A ausência dos debates, os vídeos nas redes sociais e o estilo de seu programa no horário eleitoral gratuito contribuem para que evite confrontos e mantenha uma imagem mais moderada.
Bolsonaro encarnou o antipetismo, a luta contra a corrupção, o resgate de uma ordem imaginária. Vencerá tendo mantido vagas suas propostas concretas de governo, incapaz de resolver o conflito latente entre as diferentes alas que já disputam espaço em sua futura gestão.
Haddad, em contrapartida, é incapaz de solucionar o dilema evidente da campanha petista: como lidar com o legado de 13 anos de governo do país, cujo resultado foram o impeachment de Dilma Rousseff e a prisão de Luiz Inácio Lula da Silva.
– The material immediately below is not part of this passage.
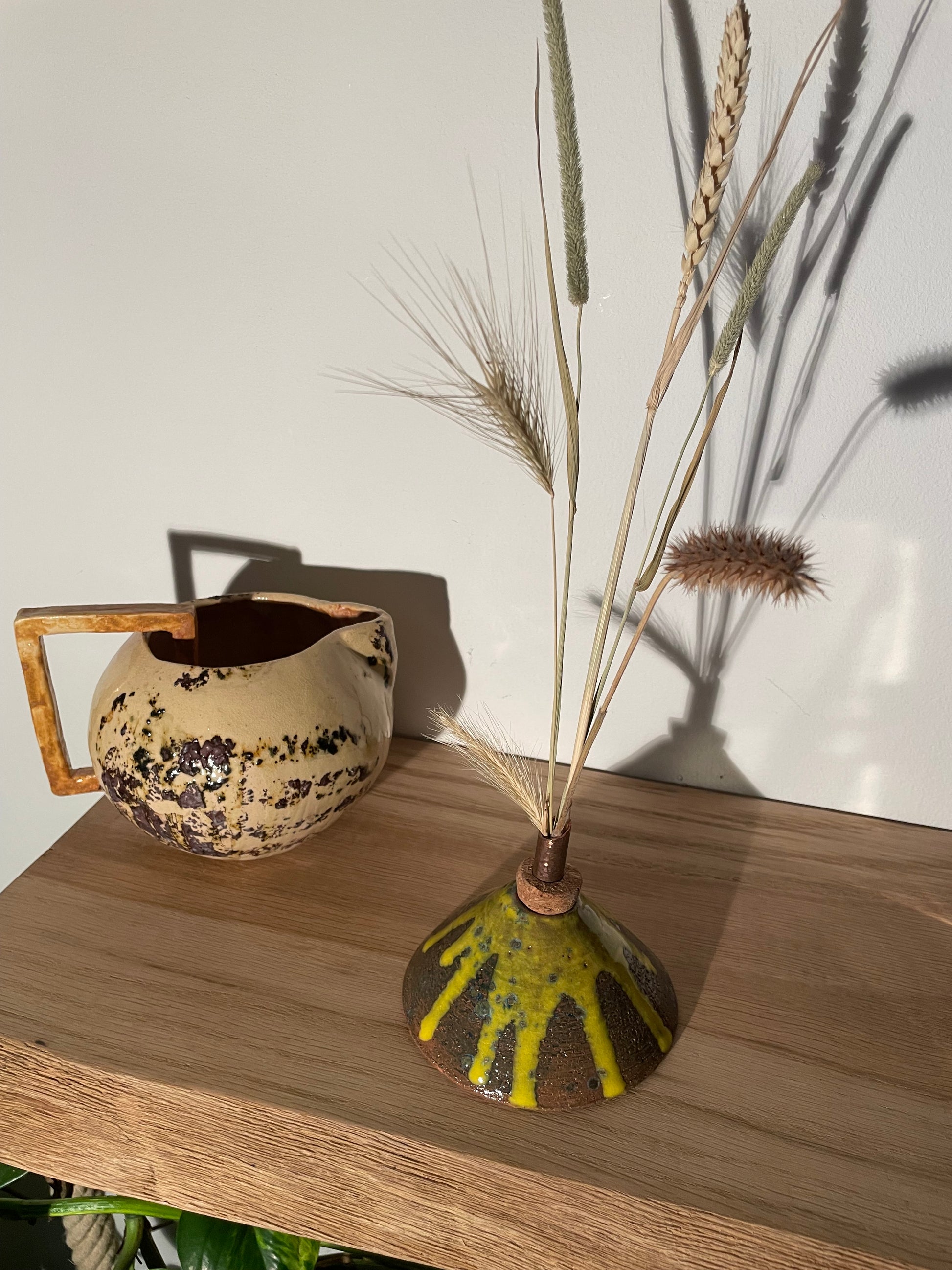 Piramide vaas met kurk en roodkoperen tuit voor droogbloemen, of in combinatie met stokjes als geur diffuser.

A narrativa que ignora a corrupção e o fracasso da política econômica nos governos do PT e transforma o partido, Lula e Dilma em vítimas das “elites” não resiste à realidade. Expõe a maior contradição do discurso do “nós contra eles” que o PT adotou para vencer quatro eleições.
Sem contrição nem mea culpa, Haddad quer esquecer as mazelas petistas, despir-se do figurino vermelho e apresentar-se como líder de uma “frente democrática” para derrotar o risco autoritário representado por Bolsonaro.
Mas como convencer “eles”, aqueles sempre apresentados como “inimigos”, de que o PT agora pode ser aliado? Como se livrar da carga de tudo aquilo que foi dito e repisado ao longo dos últimos anos e continua explícito no programa de governo de Haddad?
Tal contradição é o preço que o PT paga por ter apostado, ao longo de décadas, na polarização como estratégia de conquista e manutenção do poder. Enquanto o “inimigo” era mais fraco, ou resistia a entrar no jogo de quem demoniza o adversário, a vitória petista era barbada.
A partir do momento em que o “inimigo” entra em campo adotando a mesma lógica de polarização, com um discurso ainda mais virulento demonizando o PT, a correlação de forças muda.
Escolher Bolsonaro como rival no segundo turno pode ter sido um lance de desespero de Lula, única saída para tentar recuperar o poder e salvar a própria pele. Insistir em ser candidato e em atacar a Operação Lava Jato funcionou para galvanizar o petista mais fiel, para mostrar que ainda havia força no “nós”.
Mas não para criar a ponte com “eles”, sempre necessária numa eleição em dois turnos. Lula não imaginava que um rival com o histórico e o discurso extremista de Bolsonaro fosse capaz de fazer isso.
Bastaram um ou dois movimentos políticos triviais, um Paulo Guedes aqui, uma aliança com evangélicos ou agronegócio ali, para isolar os tucanos e transformar Bolsonaro em porta-voz legítimo dos anseios do eleitor conservador, cuja representatividade sempre esteve aquém da realidade nos governos petistas.
Lula e o PT provam agora do mesmo veneno que destilaram. Nem um estrategista astuto como ele estava preparado para enfrentar um adversário capaz de derrotá-lo no próprio jogo.